What is benefit sharing and how does it differ from what we call “business as usual”? Perhaps it is easier to understand the concept once one has grasped what it is not. As is now well recognized, economic growth has not only ignored the finite nature of the natural resource base and the planet’s limited ability to absorb pollution and waste, but has also encouraged maximized consumption of natural resources (Daly and Cobb 1989, Korten 1995, Bakan 2002). Capitalism is driven by the individual maximization of company profit, but the famous invisible hand of the market has not delivered the requisite public welfare benefits (Daly and Cobb 1989, Chomsky 1999, Newell 2010). The consequences of this approach are well known: runaway climate change, accelerated biodiversity loss and deforestation, a decline in well-being for billions of people, and a planet that many describe as being at a tipping point of irreversible change (World Health Organization 2005, Rockström et al. 2009, Biermann et al. 2012, Organisation for Economic Co-operation and Development 2012). The underlying stimulus of this is consumption, which has spiraled in response to ever-increasing consumerism among more and more people, and the rapid growth of economies such as China, India, and Brazil. This, then, is the “business as usual” scenario, depicted in Fig. 1, where the losses associated with acquiring economic benefits—including habitat destruction, ecological degradation and pollution, social conflict, economic marginalization, and reduced access to resources—may well exceed any benefits secured by firms, individuals, governments, or communities. We use the term “losses” as opposed to “costs” here in a deliberate attempt to embrace a wider social meaning that recognizes the multiple dimensions of human well-being and equity and moves away from the economic language of cost-benefit analysis (Wegner and Pascual 2011).

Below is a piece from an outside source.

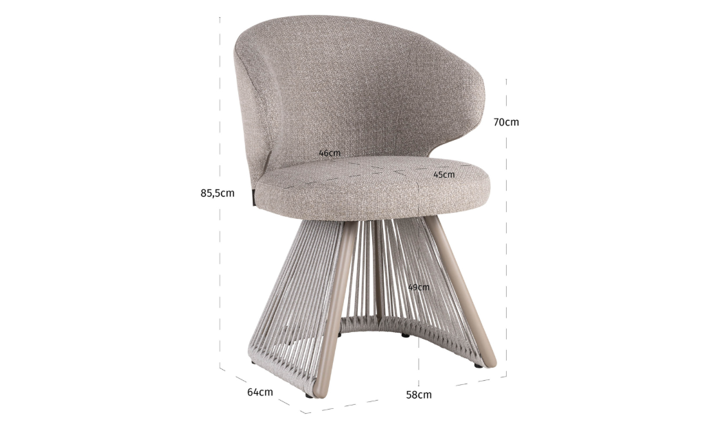 Außenstuhl Nuba ist eine elegante Wahl, die sich durch die Kombination von modernem Design und Funktionalität auszeichnet. Das handgewebte Olefin-Seil, das UV-beständig ist, zusammen mit dem Aluminiumrahmen sorgt für Langlebigkeit und Wetterbeständigkeit, was diesen Stuhl zur perfekten Wahl für Gärten, Terrassen und Außenbereiche macht. Das schnell trocknende Sitzkissen sorgt für zusätzlichen Komfort, und sein universelles Design fügt sich harmonisch in verschiedene Arrangements ein. Dies ist die ideale Wahl, um einen Hauch von Hotelstil ins Freie zu bringen.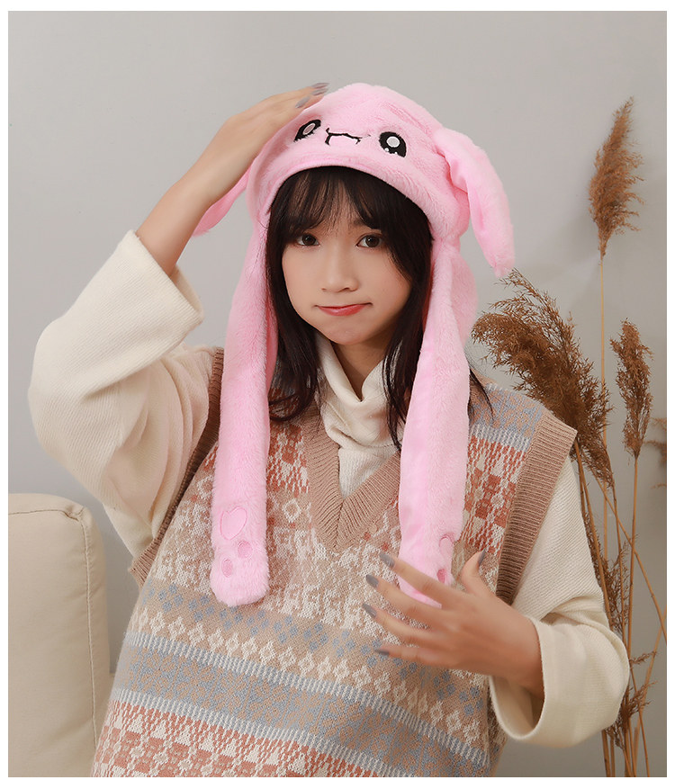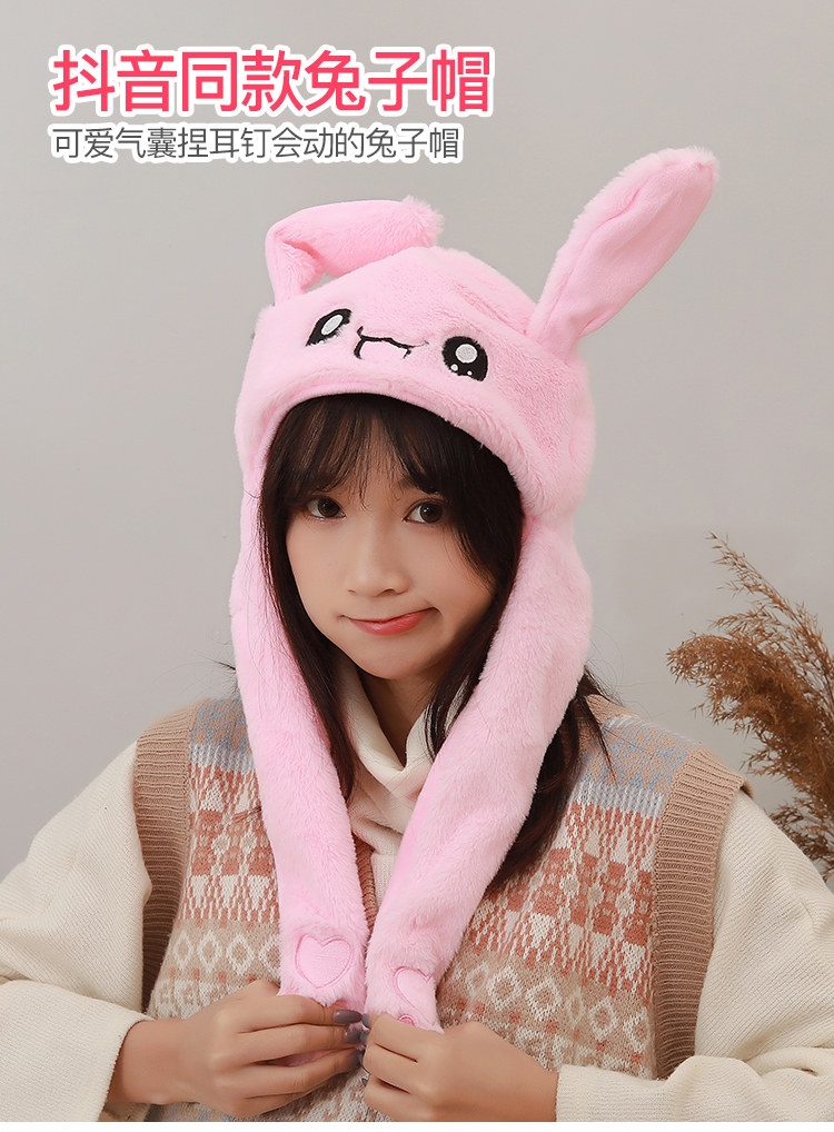 抖音同款发光网红兔子耳朵帽子会动的兔耳朵帽甜美可爱萌萌哒气囊

Mining, for instance, creates jobs, generates significant tax revenues for governments, and may produce phenomenal profits for companies, but these benefits are typically based on short-term economic gain, with longer-term losses for communities and the environment that can be devastating (e.g., Kapelus 2002, Jenkins 2004, Altman 2009). In coastal areas, mining activities can have wide-ranging negative impacts on indigenous forests, dune dynamics, and the hydrology and physical topography of rivers, estuaries, and beaches (Sibaud 2012). Not only do these activities lead to habitat fragmentation, but they may also reduce soil fertility and increase pollution (e.g. Lubke et al. 1996, Ramirez et al. 2005). At the same time, mining activities catalyze substantial social disruption, change and, in some cases, conflict; they diminish access to the natural resources upon which people depend; and may also cause significant health impacts (Boele et al. 2001, Madihlaba 2002, Twerefou 2009).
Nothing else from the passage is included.